*Exercise*
Nothing but the lines below from the one containing "- 白・黒セット販売!ロンティー メンズ" through the one containing "舞台衣装として一度着用しまし" should appear in the answer, exact and without pictures.

══ Data for review ══

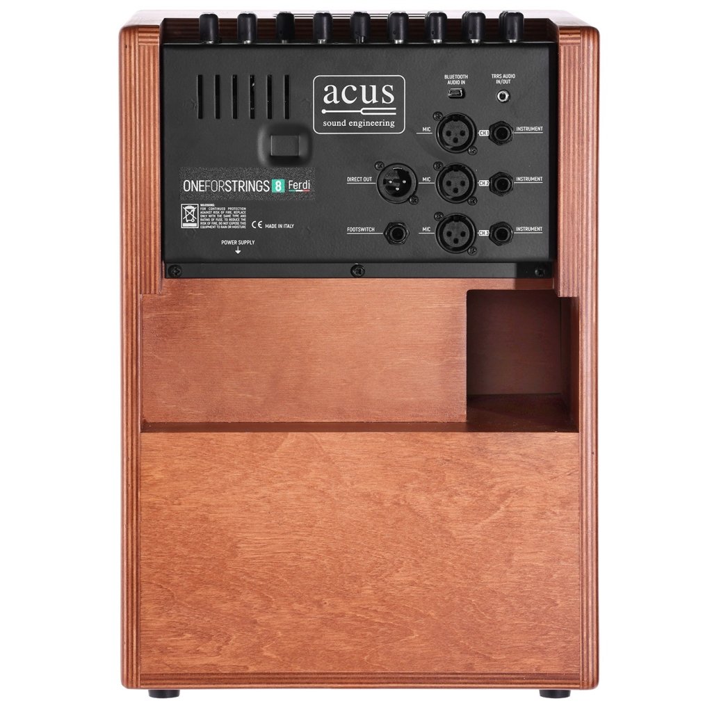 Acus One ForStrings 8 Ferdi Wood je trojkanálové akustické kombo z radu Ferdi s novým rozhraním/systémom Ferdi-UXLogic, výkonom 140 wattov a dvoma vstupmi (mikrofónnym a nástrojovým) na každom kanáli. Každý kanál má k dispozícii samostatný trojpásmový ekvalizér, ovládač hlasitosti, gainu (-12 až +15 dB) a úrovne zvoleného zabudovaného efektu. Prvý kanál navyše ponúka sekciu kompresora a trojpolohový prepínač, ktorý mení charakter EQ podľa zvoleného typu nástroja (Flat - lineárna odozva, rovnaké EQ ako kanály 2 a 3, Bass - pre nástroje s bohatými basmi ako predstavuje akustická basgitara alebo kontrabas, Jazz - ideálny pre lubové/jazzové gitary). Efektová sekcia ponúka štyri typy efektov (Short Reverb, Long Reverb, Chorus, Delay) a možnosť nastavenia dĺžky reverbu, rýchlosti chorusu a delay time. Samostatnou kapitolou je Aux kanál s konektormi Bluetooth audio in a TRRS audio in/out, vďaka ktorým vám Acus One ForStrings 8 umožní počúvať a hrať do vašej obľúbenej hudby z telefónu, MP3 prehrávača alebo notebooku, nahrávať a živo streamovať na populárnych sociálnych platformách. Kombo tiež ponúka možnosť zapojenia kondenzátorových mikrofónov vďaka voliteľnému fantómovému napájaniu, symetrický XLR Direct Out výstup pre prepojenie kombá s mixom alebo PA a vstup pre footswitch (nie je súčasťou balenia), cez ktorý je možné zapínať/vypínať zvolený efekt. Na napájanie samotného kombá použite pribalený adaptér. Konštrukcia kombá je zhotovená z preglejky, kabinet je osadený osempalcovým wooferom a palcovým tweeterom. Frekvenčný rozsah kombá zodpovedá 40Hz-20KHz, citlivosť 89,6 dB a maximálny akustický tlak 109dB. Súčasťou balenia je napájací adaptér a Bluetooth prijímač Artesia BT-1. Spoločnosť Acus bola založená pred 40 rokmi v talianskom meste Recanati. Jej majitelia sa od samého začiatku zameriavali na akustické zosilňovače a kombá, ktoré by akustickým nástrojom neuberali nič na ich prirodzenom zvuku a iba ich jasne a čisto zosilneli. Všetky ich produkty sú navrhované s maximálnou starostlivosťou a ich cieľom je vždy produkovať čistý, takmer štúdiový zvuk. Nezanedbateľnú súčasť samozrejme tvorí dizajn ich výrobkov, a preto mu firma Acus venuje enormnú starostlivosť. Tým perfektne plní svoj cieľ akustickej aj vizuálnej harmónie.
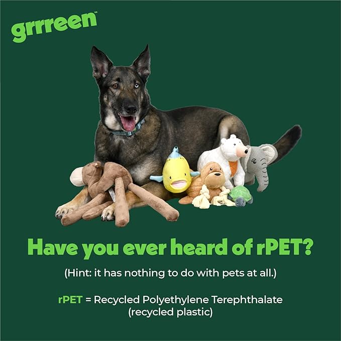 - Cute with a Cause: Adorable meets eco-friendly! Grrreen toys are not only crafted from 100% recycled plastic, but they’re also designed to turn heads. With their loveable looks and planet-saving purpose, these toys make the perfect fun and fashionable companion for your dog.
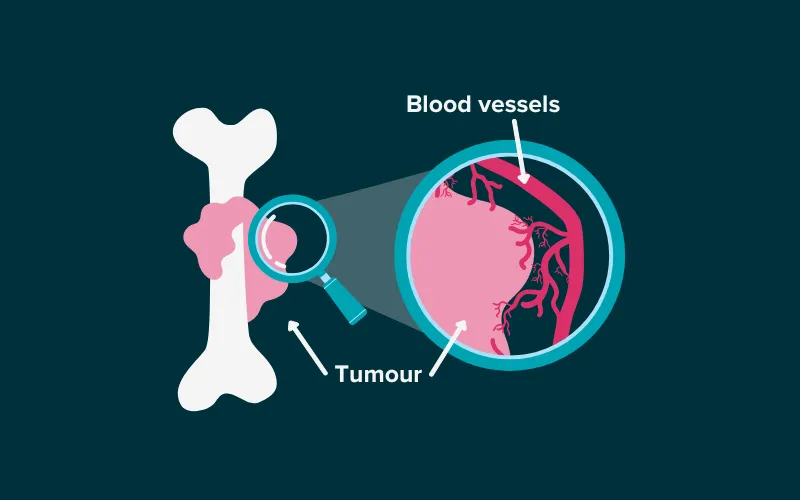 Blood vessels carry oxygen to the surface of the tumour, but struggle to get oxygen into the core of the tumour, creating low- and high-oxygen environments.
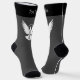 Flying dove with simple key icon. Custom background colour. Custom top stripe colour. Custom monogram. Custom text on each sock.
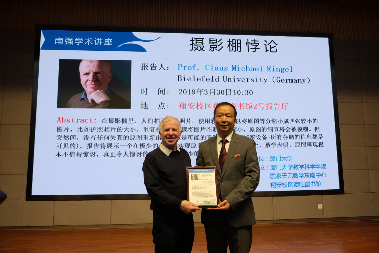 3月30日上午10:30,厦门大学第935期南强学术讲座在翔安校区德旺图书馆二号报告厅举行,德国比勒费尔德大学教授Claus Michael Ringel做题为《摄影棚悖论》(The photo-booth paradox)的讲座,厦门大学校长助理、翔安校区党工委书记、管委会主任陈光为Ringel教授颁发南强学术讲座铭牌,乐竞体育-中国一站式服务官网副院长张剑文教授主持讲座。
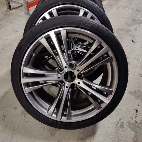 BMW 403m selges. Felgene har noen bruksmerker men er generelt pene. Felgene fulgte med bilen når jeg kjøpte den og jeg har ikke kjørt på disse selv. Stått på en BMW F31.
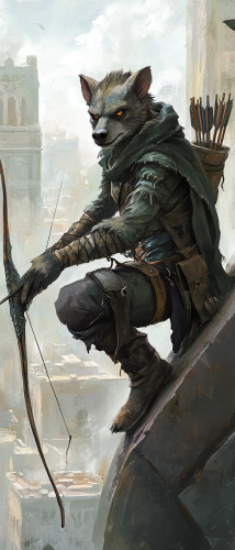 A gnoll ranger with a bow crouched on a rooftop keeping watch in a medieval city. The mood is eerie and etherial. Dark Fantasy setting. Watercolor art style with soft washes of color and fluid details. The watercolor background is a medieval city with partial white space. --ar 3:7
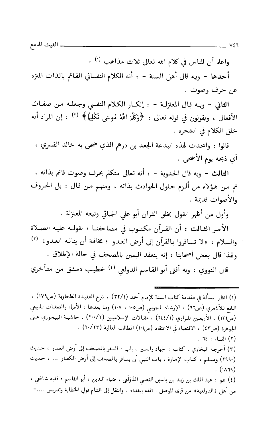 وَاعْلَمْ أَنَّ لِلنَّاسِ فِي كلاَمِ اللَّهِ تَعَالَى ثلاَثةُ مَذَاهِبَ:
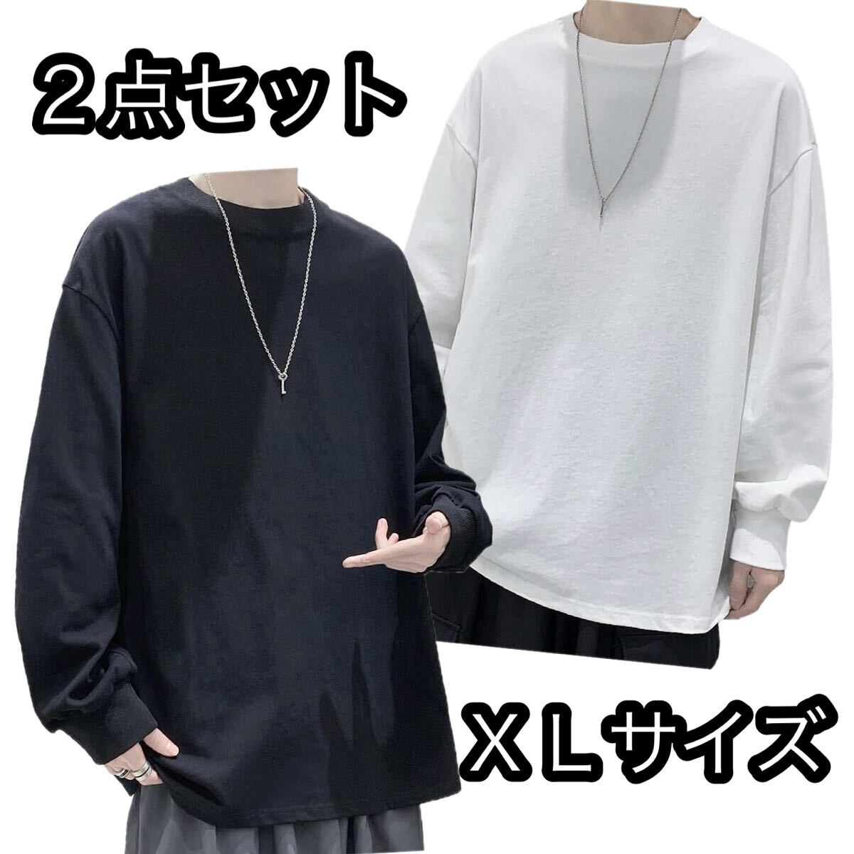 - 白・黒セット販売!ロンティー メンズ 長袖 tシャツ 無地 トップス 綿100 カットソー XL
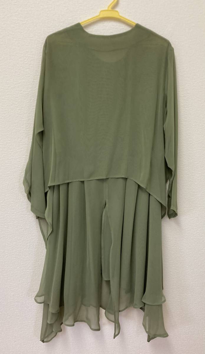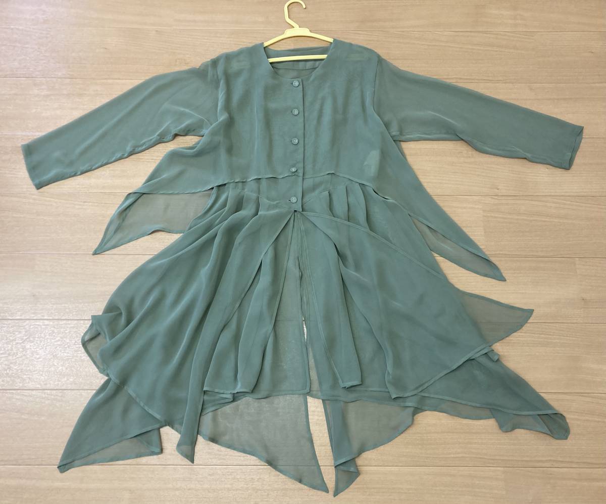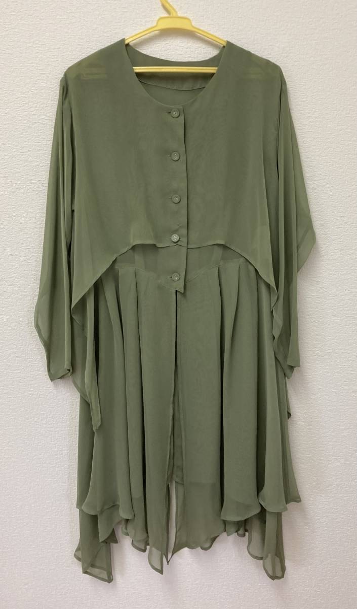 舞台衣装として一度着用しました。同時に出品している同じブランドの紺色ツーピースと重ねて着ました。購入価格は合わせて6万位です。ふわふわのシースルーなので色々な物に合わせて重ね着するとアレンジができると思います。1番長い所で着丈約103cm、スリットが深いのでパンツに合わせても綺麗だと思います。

═══
══ Data for review ══

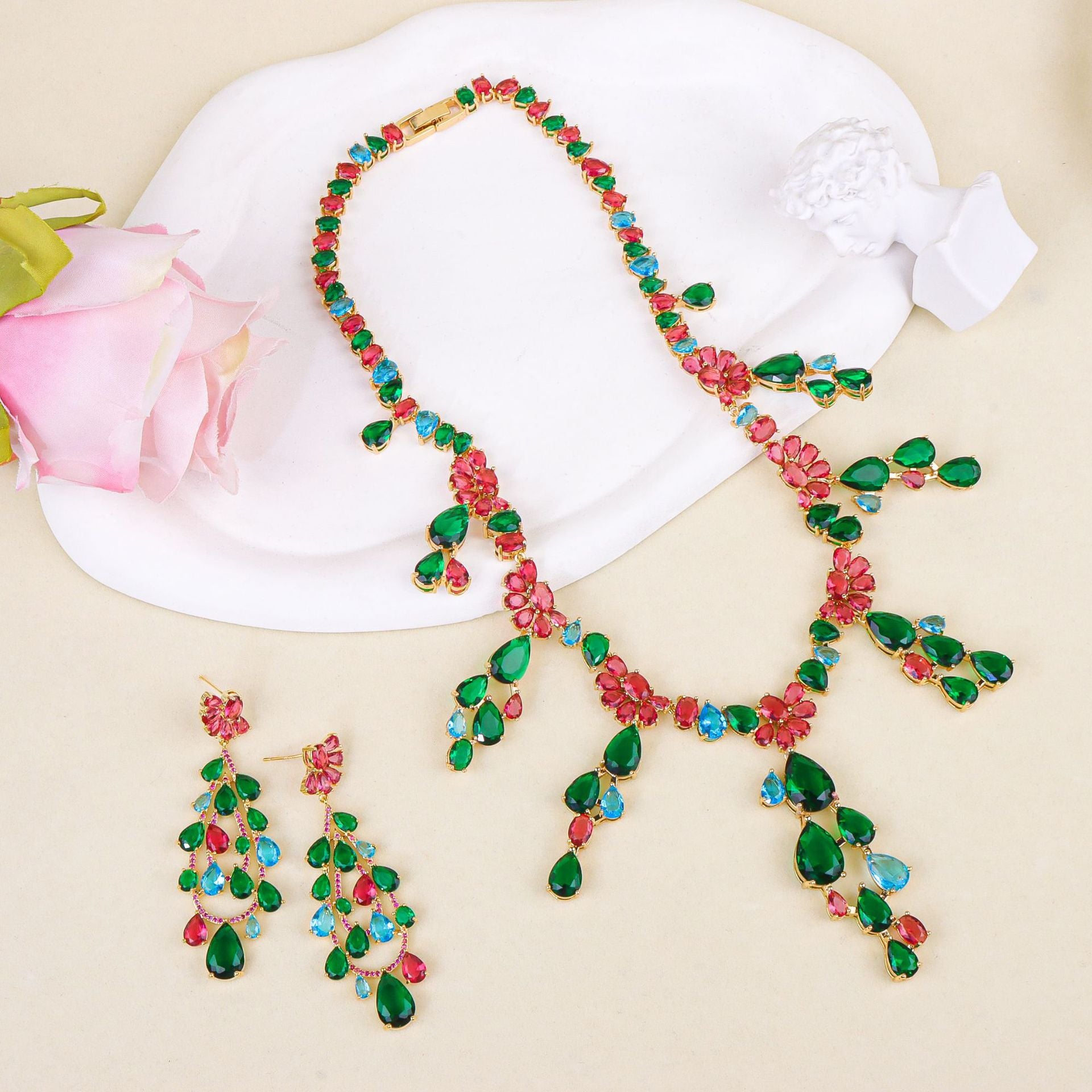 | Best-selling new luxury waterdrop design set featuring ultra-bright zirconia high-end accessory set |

═══

*Your response*
 - 白・黒セット販売!ロンティー メンズ 長袖 tシャツ 無地 トップス 綿100 カットソー XL
 舞台衣装として一度着用しました。同時に出品している同じブランドの紺色ツーピースと重ねて着ました。購入価格は合わせて6万位です。ふわふわのシースルーなので色々な物に合わせて重ね着するとアレンジができると思います。1番長い所で着丈約103cm、スリットが深いのでパンツに合わせても綺麗だと思います。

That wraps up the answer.